> **What the task asks**
With the pictures left out, copy the records below exactly from the first line down to the line holding "The Gator Frameworks", and include that line.

Source data:
......

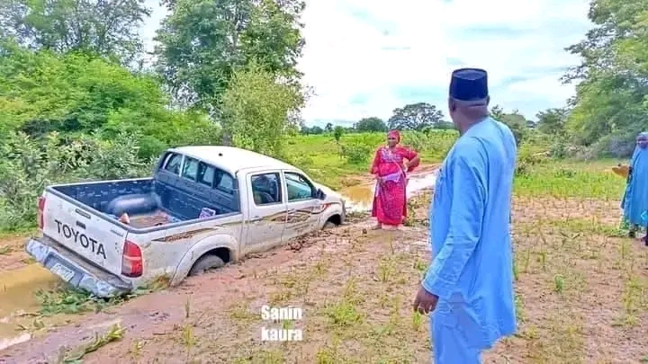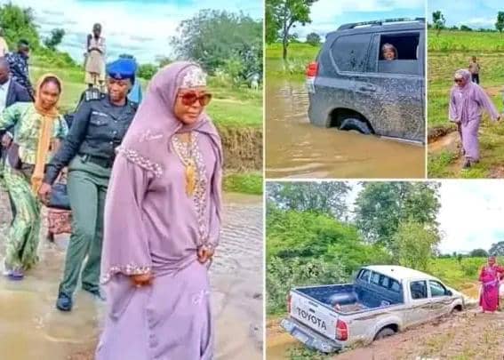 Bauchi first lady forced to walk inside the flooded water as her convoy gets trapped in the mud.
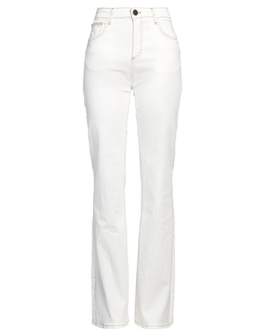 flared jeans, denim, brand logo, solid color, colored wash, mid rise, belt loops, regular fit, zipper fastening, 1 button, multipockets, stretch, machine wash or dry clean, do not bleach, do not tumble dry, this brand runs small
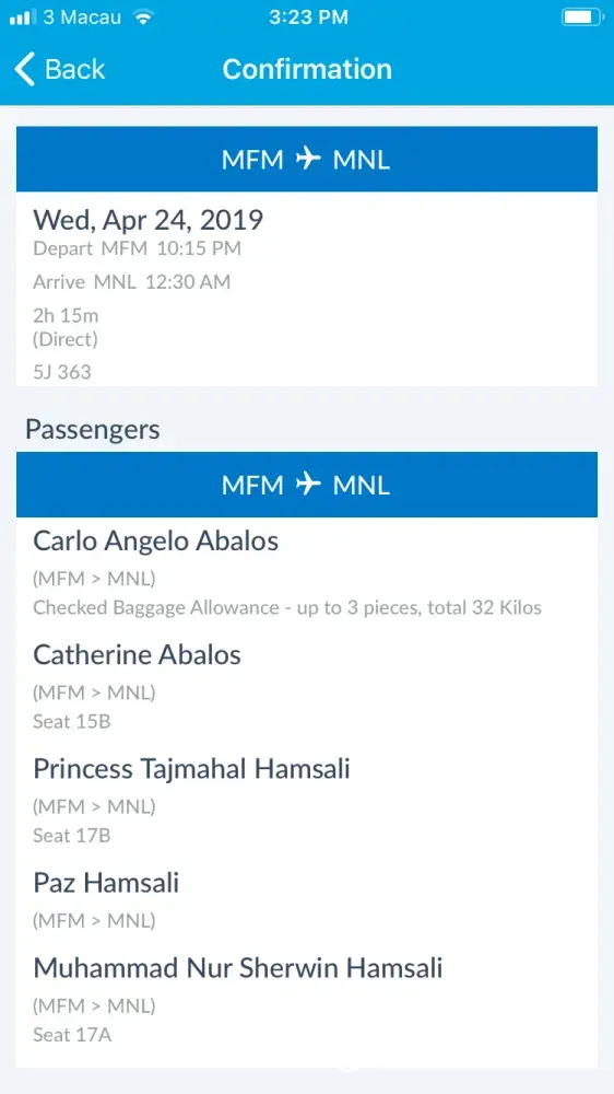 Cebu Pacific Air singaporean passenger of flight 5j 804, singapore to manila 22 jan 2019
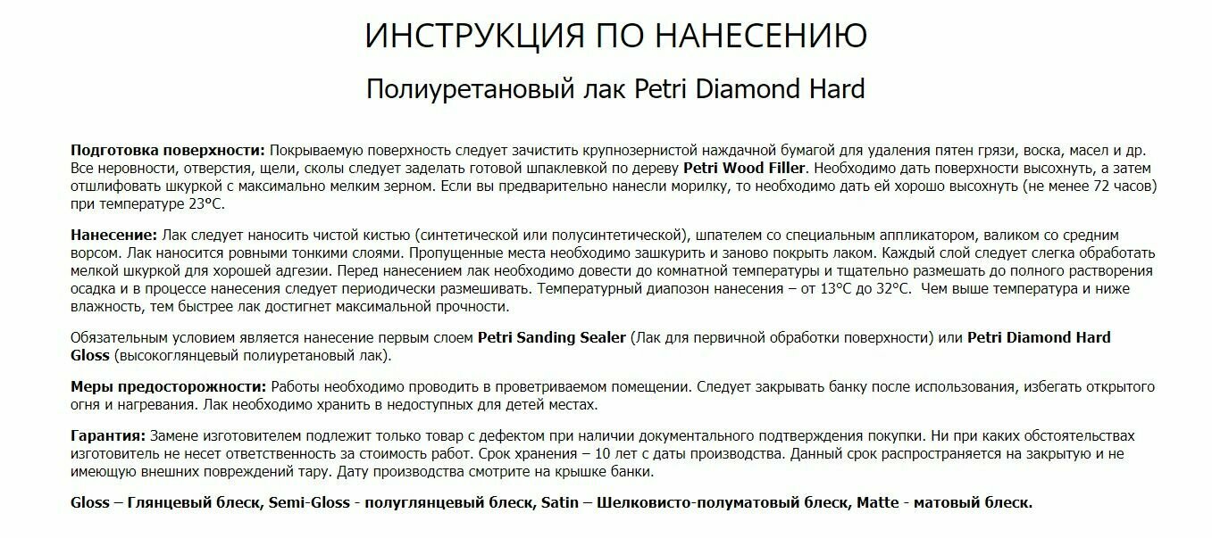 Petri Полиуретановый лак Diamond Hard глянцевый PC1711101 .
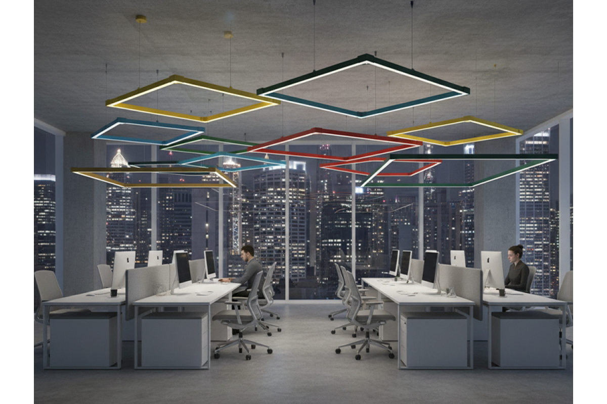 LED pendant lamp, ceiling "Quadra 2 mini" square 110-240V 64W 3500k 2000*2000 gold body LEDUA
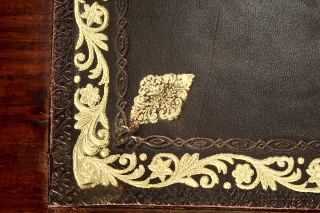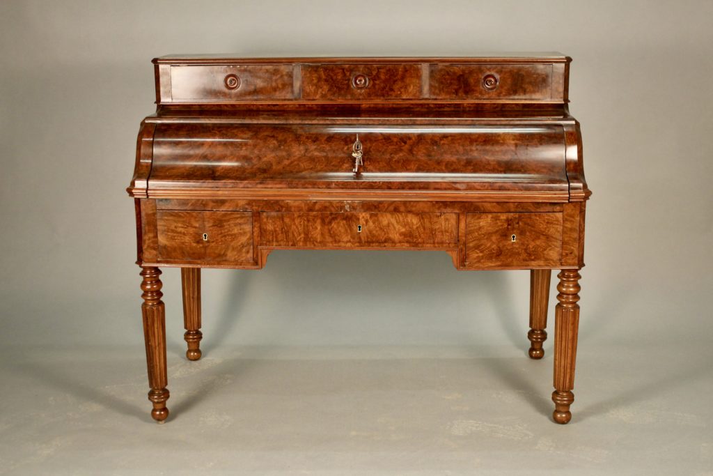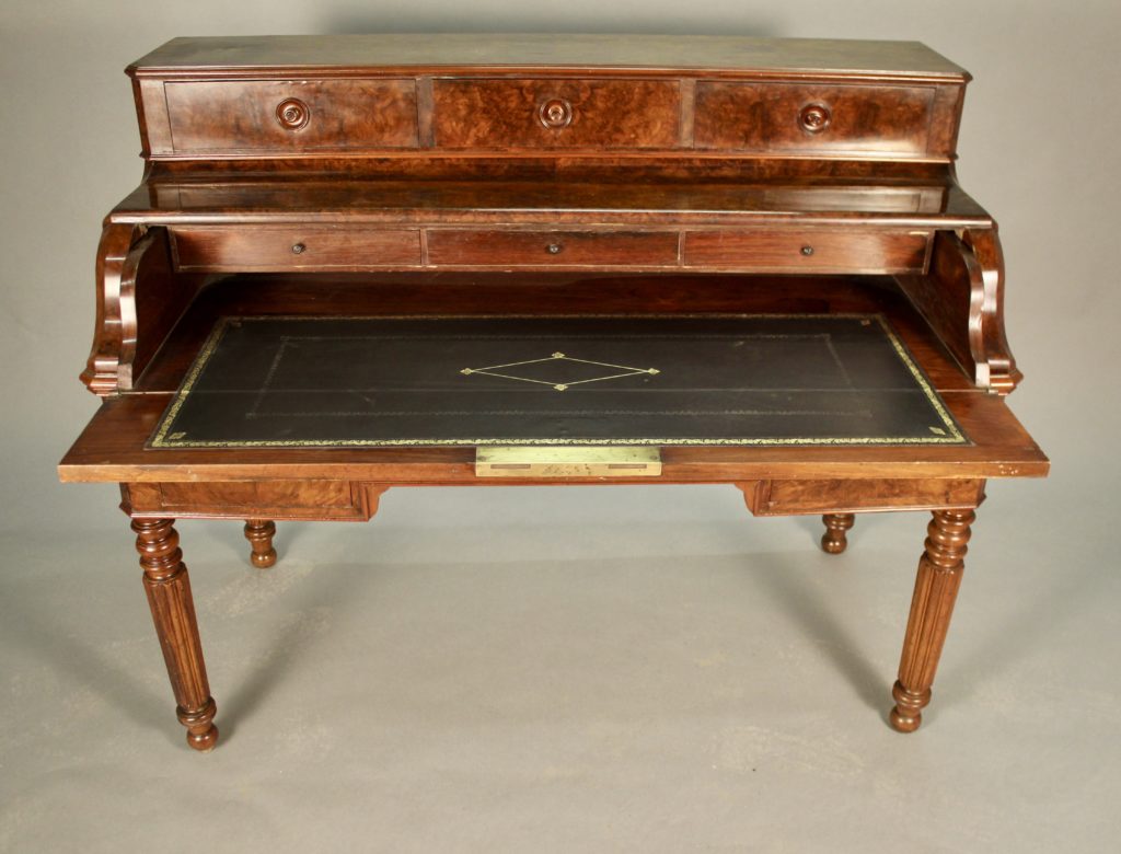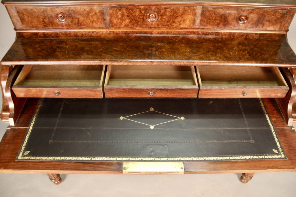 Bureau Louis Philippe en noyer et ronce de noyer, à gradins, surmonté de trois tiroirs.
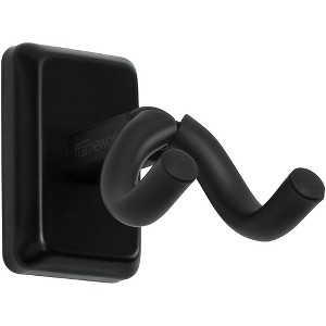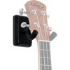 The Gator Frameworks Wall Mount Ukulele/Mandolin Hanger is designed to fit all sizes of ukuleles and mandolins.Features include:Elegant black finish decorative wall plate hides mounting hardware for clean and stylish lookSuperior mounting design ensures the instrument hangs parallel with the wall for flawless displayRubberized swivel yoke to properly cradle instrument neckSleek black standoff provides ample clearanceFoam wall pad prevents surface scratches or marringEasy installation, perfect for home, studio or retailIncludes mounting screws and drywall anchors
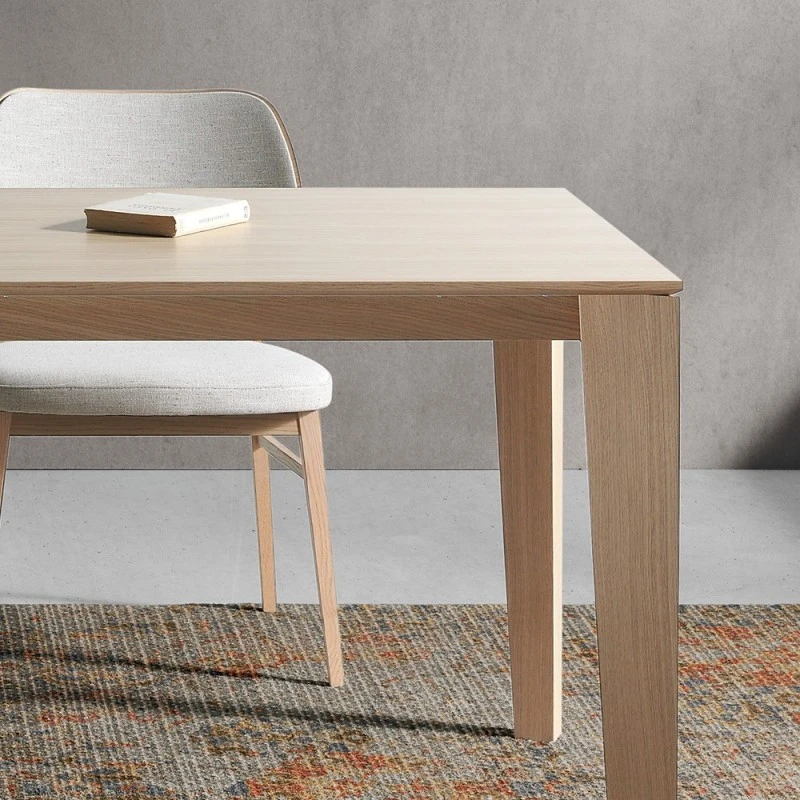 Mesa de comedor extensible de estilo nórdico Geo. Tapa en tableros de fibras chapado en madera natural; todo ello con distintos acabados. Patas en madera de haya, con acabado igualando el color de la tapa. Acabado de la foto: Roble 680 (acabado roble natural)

......

> **Exercise response**
 Bauchi first lady forced to walk inside the flooded water as her convoy gets trapped in the mud.
 flared jeans, denim, brand logo, solid color, colored wash, mid rise, belt loops, regular fit, zipper fastening, 1 button, multipockets, stretch, machine wash or dry clean, do not bleach, do not tumble dry, this brand runs small
 Cebu Pacific Air singaporean passenger of flight 5j 804, singapore to manila 22 jan 2019
 Petri Полиуретановый лак Diamond Hard глянцевый PC1711101 .
 LED pendant lamp, ceiling "Quadra 2 mini" square 110-240V 64W 3500k 2000*2000 gold body LEDUA
 Bureau Louis Philippe en noyer et ronce de noyer, à gradins, surmonté de trois tiroirs.
 The Gator Frameworks Wall Mount Ukulele/Mandolin Hanger is designed to fit all sizes of ukuleles and mandolins.Features include:Elegant black finish decorative wall plate hides mounting hardware for clean and stylish lookSuperior mounting design ensures the instrument hangs parallel with the wall for flawless displayRubberized swivel yoke to properly cradle instrument neckSleek black standoff provides ample clearanceFoam wall pad prevents surface scratches or marringEasy installation, perfect for home, studio or retailIncludes mounting screws and drywall anchors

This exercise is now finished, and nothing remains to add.